What the task asks → Without the pictures, repeat the listing character for character.

Given material →
*** Block opens ***

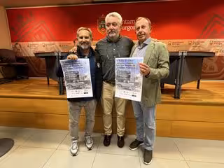 De izquierda a derecha: Eduardo González, de la AECC; el concejal Carlos Niño; y el representante del Club Burgalés de Vehículos Históricos, Chema del Río. - EUROPA PRESS
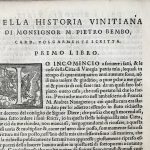 Commissioned by the Venetian Senate to Bembo, the present work is a continuation of Andrea Navagero’s History of Venice, which was first started by Sabellico, bearing the title ‘Historia rerum Venetarum ad urbe condita’ (“History of Venice from the foundation of the city”).
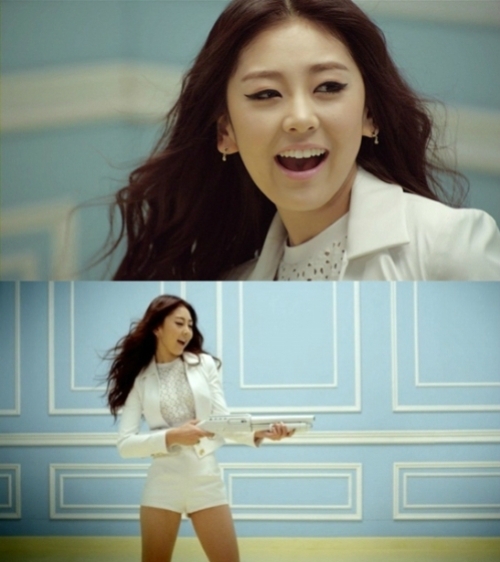 In the video, Kwon Risae is wearing a white jacket and high waisted shorts. Kwon is showing off her slender body with her smoky eye makeup.

*** Block closes ***

Result for this task →
 De izquierda a derecha: Eduardo González, de la AECC; el concejal Carlos Niño; y el representante del Club Burgalés de Vehículos Históricos, Chema del Río. - EUROPA PRESS
 Commissioned by the Venetian Senate to Bembo, the present work is a continuation of Andrea Navagero’s History of Venice, which was first started by Sabellico, bearing the title ‘Historia rerum Venetarum ad urbe condita’ (“History of Venice from the foundation of the city”).
 In the video, Kwon Risae is wearing a white jacket and high waisted shorts. Kwon is showing off her slender body with her smoky eye makeup.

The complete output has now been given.